At the flick of a switch, the backyard was bathed in light and sure enough, there it was. You had to know where to look, as its hunched-up shape and scruffy gray and white blotched fur blended into the surrounding ground cover. Munching away on leftovers under the bird feeder, it seemed oblivious to the light - didn’t even look up until I tapped on the window, then its weird little white face appeared. With round, black ears at attention, pointed snout a-twitch, it stared briefly with beady black eyes before returning to its meal. Another movement caught my eye - it had brought a friend along this night.

Opossums are usually solitary creatures, but females tend to live in groups. Among the most primitive of living mammals, they have the unique distinction of being America’s only native marsupial, carrying their young in a pouch similar to a kangaroo or koala. They have 1 - 2 litters a year of up to 13 young, with 7 to 9 the average. Scavengers, they eat mostly insects and carrion, but also fruits, vegetables, nuts, grains and bird eggs. They need to feast while they can - they only live for around 18 months.

Earlier, My husband had heard a muffled thud at the window. He looked up just in time to glimpse a bat at the screen. It landed - briefly and unceremoniously - then disappeared into the night. We thought this strange as bats usually avoid light, but various bugs are attracted to light and bats eat bugs. As temperatures rise in the spring, more bugs are active and available. Most insectivorous bats don’t catch insects directly with their mouths but scoop them up with wing or tail membranes first, consuming 30 to 50 percent of their body weight each night - that’s a lotta bugs! Perhaps bat and bug met at the screen.

A late night switch flick revealed that the opossums had been replaced by a lone raccoon. Also solitary, nocturnal creatures, raccoons will eat what opossums do, but tend to be more aggressive. The best meal for them is found in the wild, but they’re highly adaptable and cleaver. If human garbage or pet food is left unprotected, they readily devour it. They take what they can get and are very good at getting it.

We’d both been awakened in the wee hours the previous night by an eerie, strange wailing sound coming from the road out front. All was silent for a while, then the wail again, from further away. Silence - then a spine-tingling version, louder than before. We did not get up to look, so never did see the wailer, but we’ve heard it before. No regular dog sounds like that, so it must have been a lone “song dog” - a coyote.

Coyote families break up in late summer to early fall with the young hunting alone until late winter or early spring. Then, with distinctive yapping, howling, and barking, they try to establish their own territories and attract their lifetime mate. As far as we could tell, the cries that night went unanswered, but the season is young and we’ll see what the summer brings.

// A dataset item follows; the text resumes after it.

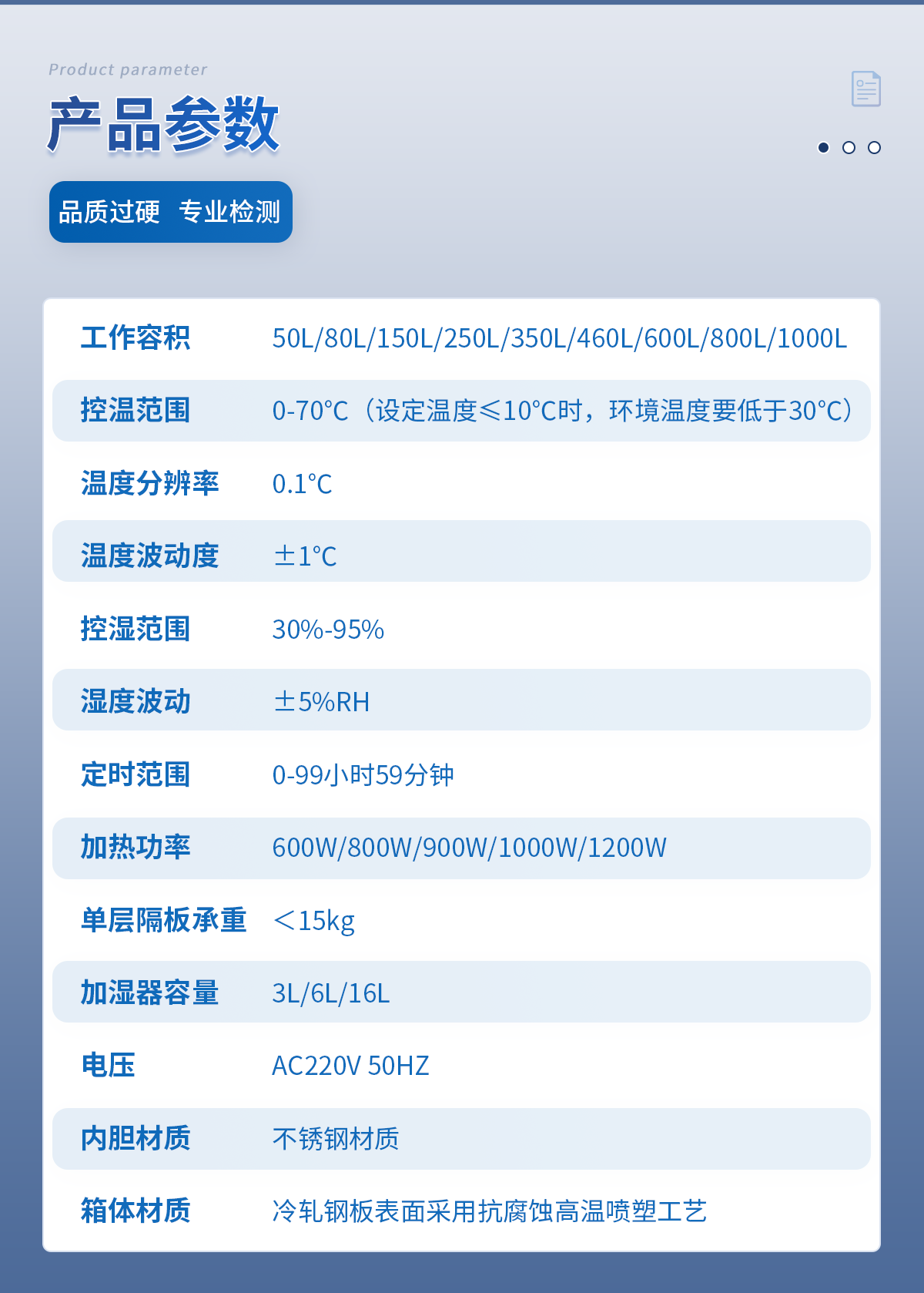 | 工作容積:800L | 箱內(nèi)照明:日光燈 | 控溫范圍:0-70℃(設(shè)定溫度≤10℃時(shí)環(huán)境溫度要低于30℃) | 程序控制:24段 | 溫度分辨率:0.1℃ | 溫度波動(dòng)度:±0.5℃ | 控濕范圍:30%-95% | 定時(shí)范圍:0-99小時(shí)59分鐘 | 加熱功率:1200W | 內(nèi)箱尺寸 寬*深*高(cm):85*85*110 | 外箱尺寸 寬*深*高(cm):99*115*174 | 隔板層數(shù)(標(biāo)配):3層 | 加濕器容量(標(biāo)配):16L | 單層隔板承重:<25kg | 底部總承重:50kg | 層間隔/mm:80 | 卡槽層數(shù):8 | 電壓:AC220V 50HZ | 整機(jī)重量:166kg | 內(nèi)膽材質(zhì):不銹鋼材質(zhì) | 箱體材質(zhì):冷軋鋼板表面采用抗腐蝕高溫噴塑工藝 |

Highly intelligent and adaptable, coyotes vary their diet with the seasons or with what they can find. In the spring and summer, they feast on fruits and berries; carrion sees them through the winter. They aren’t picky and will munch on the same foods as opossums and raccoons. The paths of these creatures are bound to cross in the night, with small raccoons and opossums being fair game - bats get off scot-free.
The moon marks off the seasons,
and the sun knows when to go down.
You bring darkness, it becomes night,
and all the beasts of the forest prowl.

These all look to you
to give them their food at the proper time.
When you give it to them,
they gather it up;
when you open your hand,
they are satisfied with good things.